# **Using Transformers 🤗:**

## **Introduction**

🤗 Transformers, often referred to as Hugging Face Transformers, is a popular library that provides easy access to state-of-the-art natural language processing (NLP) models. This chapter introduces you to the key concepts and tools within the 🤗 Transformers library, allowing you to leverage powerful NLP models for various tasks.

Behind the Pipeline:

Learn how the 🤗 Transformers library simplifies NLP tasks with the concept of pipelines. This section delves into the inner workings of pipelines, which automate common NLP workflows, and explores how to set up and configure pipelines for various tasks.

Models:

Discover the wide array of pre-trained NLP models available in the 🤗 Transformers library. These models, based on transformer architectures, are capable of tasks like text classification, question answering, translation, summarization, and more. You'll gain insights into selecting and using the right model for your specific needs.

Tokenizers:

Tokenization is a crucial aspect of NLP, and 🤗 Transformers offers various tokenization tools to preprocess text data effectively. This section explores tokenizers, their configurations, and how to tokenize text for model input.

Handling Multiple Sequences:

NLP tasks often require handling multiple sequences of data, such as translating text from one language to another. This section guides you on working with multiple sequences in the 🤗 Transformers library, ensuring you can manage complex tasks seamlessly.

Putting It All Together:

In this section, you'll put your knowledge to the test by applying the concepts learned in the previous sections. You'll walk through practical examples of using the 🤗 Transformers library to accomplish specific NLP tasks, demonstrating how to build end-to-end solutions.

Basic Usage Completed:

By the end of this chapter, you will have a strong foundation in using the 🤗 Transformers library for NLP tasks. You'll be prepared to tackle various real-world NLP challenges with the help of state-of-the-art models and tools.

End-of-Chapter Quiz:

Test your understanding of the key concepts covered in this chapter with an end-of-chapter quiz. This quiz will help reinforce your knowledge and ensure you're ready to apply what you've learned in practice.

## **Behind the Pipeline**

To harness the power of transformer models for natural language processing (NLP) tasks, it's crucial to understand the mechanics behind the pipeline. The pipeline is a high-level interface that streamlines the process of applying transformers to text data. It automates many common NLP tasks, making it easier to work with these models effectively. Let's dive into the key components of the pipeline:

1. **Tokenization**: The first step in the pipeline is tokenization. This process takes raw text and breaks it down into smaller units called tokens. Tokens are typically words or subwords, and they are the basic units of text that the model processes. Tokenization ensures that the text is structured for the model's input.

2. **Model Loading**: After tokenization, the pipeline loads a pre-trained transformer model. These models have been trained on large text corpora and have learned to understand the context and relationships between words and phrases. Examples of popular transformer models include BERT, GPT-2, and RoBERTa.

3. **Inference**: The pipeline uses the loaded model to make inferences on the tokenized input text. Depending on the specific NLP task, the model may generate predictions, classifications, or other outputs. This step leverages the model's understanding of context to process and analyze the text effectively.

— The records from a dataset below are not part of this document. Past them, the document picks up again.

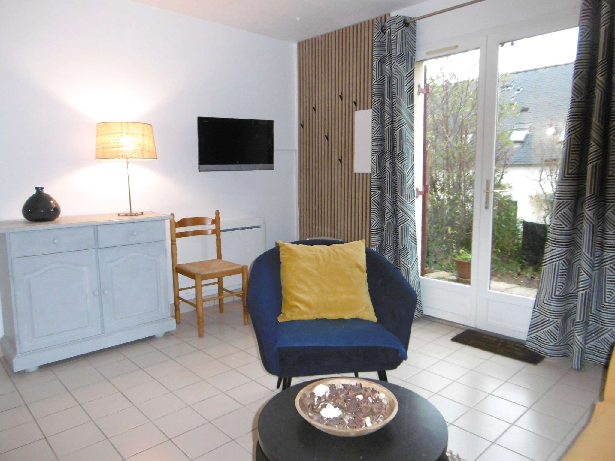 - Un séjour avec un canapé donnant sur le jardin
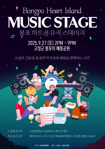 고성문화재단 관계자는 “도시에 없는 낭만을 표방하는 봉포하트섬 뮤직 스테이지는 고성 남부권만의 특색과 감성을 담아 누구나 즐길 수 있는 음악공연”이라며 “가을밤 해풍공원에서 많은 분이 함께해 주시길 바란다.”라고 전했다.
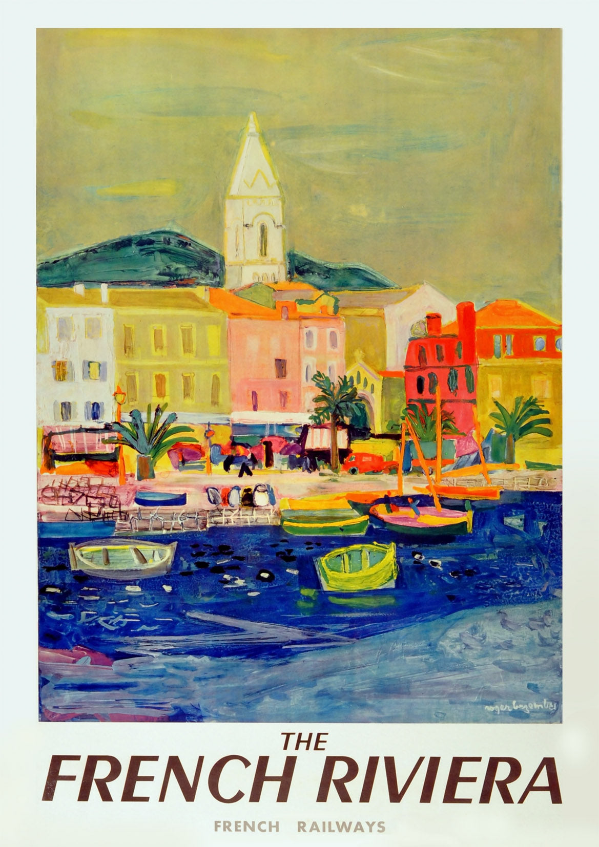 Un hermoso póster de viaje del siglo pasado, esta obra de arte de reproducción Riviera está impresa en papel de póster fotográfico satinado premium de 200 g / m2.
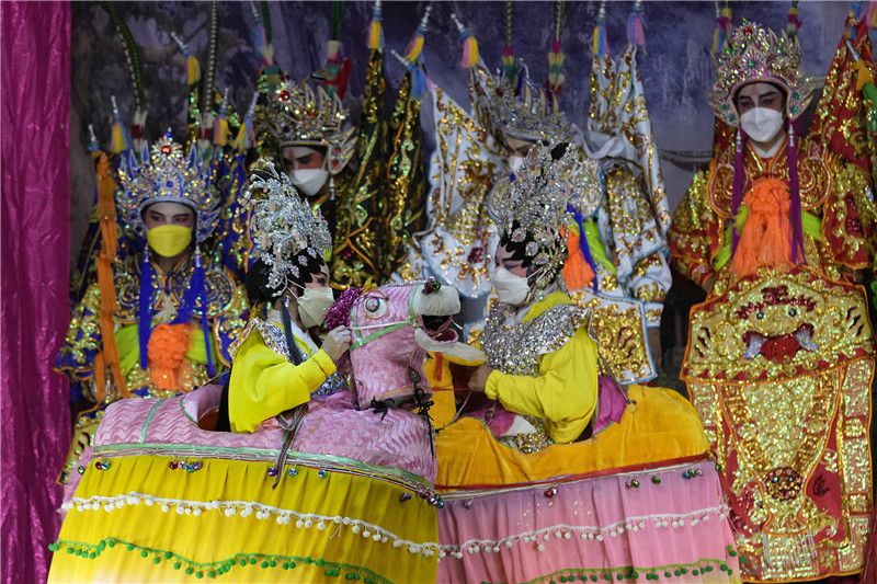 当地时间2021年10月6日,泰国曼谷,艺术家们佩戴口罩表演中国戏曲。
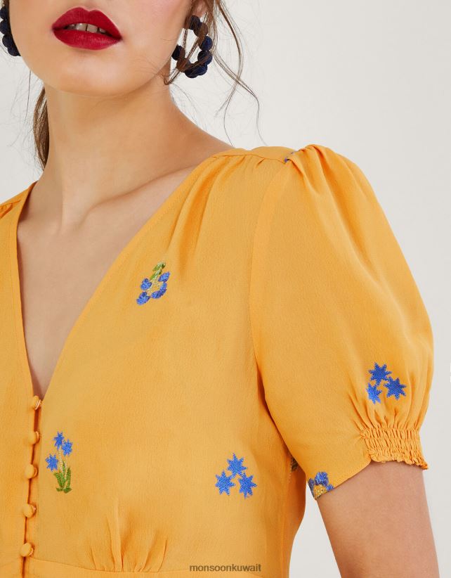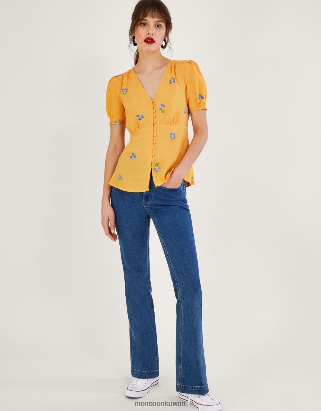 بلوزة شاي مطرزة من قماش الفيسكوز المستدام ملابس أصفر Monsoon نحيف N4BV8X814 - Monsoon kuwait avenues
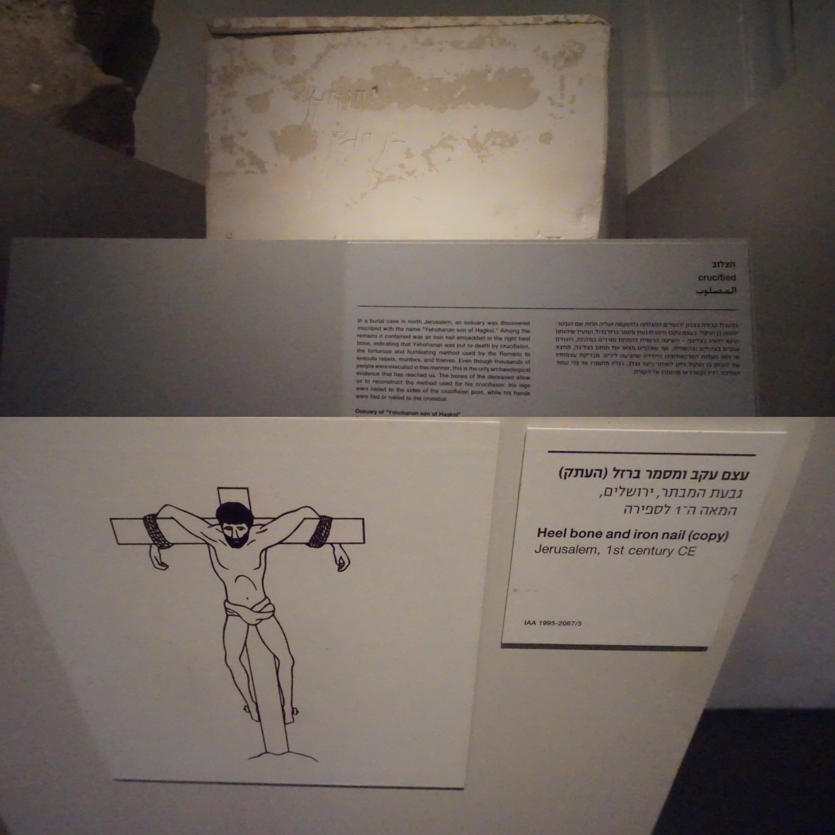 While walking through the numerous exhibits in the Israeli museum, I chanced upon this plain ossuary that contained the remains of a person who was crucified back in the 1st Century, CE. Crucifixion was a Roman way of executing rebels, thieves , murderers. This made me realize that crucifixion did become a practice centuries ago. That there were actually people who died from this method.

4. **Output**: The pipeline returns the model's output, which can vary depending on the task. For instance, if the task is text classification, the output may be a label or category. If the task is text generation, the output may be a generated text sequence. The output is designed to be easily accessible and ready for further processing or analysis.

5. **Post-Processing**: In many cases, the pipeline also includes post-processing steps. This can involve converting model outputs into human-readable formats, such as decoding generated tokens or mapping prediction scores to class labels.

The pipeline encapsulates these steps, allowing you to work with transformer models in a more user-friendly and efficient way. This simplification is particularly valuable when you need to perform various NLP tasks without delving into the low-level details of model loading, tokenization, and post-processing.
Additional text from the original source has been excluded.